Certainly human decency is not based on the number at the bottom of a balance sheet.

I like to believe that it is human nature to be kind, loving, just, peaceful and supportive of each other "“ whether we're meeting for the first time or the hundredth. These are characteristics that distinguish us from other mammals.

Yet we human beings are complex. Rarely in human existence is anything truly the way it appears at first glance.

My work at the Consortium demonstrates this often. We grapple weekly with the complexity of human existence: parents who neglect to immunize their children in order to make political points to government officials. Yet, these same parents open their hearts and homes to visiting strangers with notebooks; an infected couple is stigmatised by their neighbours because of their HIV status, but the same couple is allowed to continue to work as trained health care workers in the local clinic. Or a mother, despite burying one child to malaria, takes the insecticide-treated bed nets given to her by a local NGO and sells them on the black market in order to feed her surviving children.

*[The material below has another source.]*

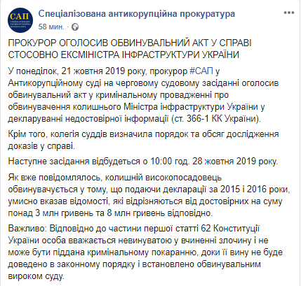 "Прокурор САП в Антикоррупционном суде на очередном заседании огласил обвинительный акт в уголовном производстве по обвинению бывшего министра инфраструктуры Украины в декларировании недостоверной информации", - говорится в сообщении.
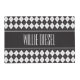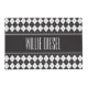 Black and white argyle pattern personalized pet placemat. Matching pet bowls, bed, blanket and more available.

In each of these cases, citizens choose to communicate their acceptance, contempt, dissatisfaction, displeasure or fear or despair in ways that may not seem logical or wise to us outsiders. As outsiders, we might likely comment that the actions are counterproductive and harmful. Yet it is probable that people are doing the best they can, given the circumstances in which they are living and with the information they have at hand when the time comes to decide.

Choice involves a complex mixture of information, emotion, experience and background, overlaid on top of societal norms and pressures. When good choices are made, most people impacted believe the choices are just and sound and will benefit a greater good. When bad choices are made, someone will be hurt.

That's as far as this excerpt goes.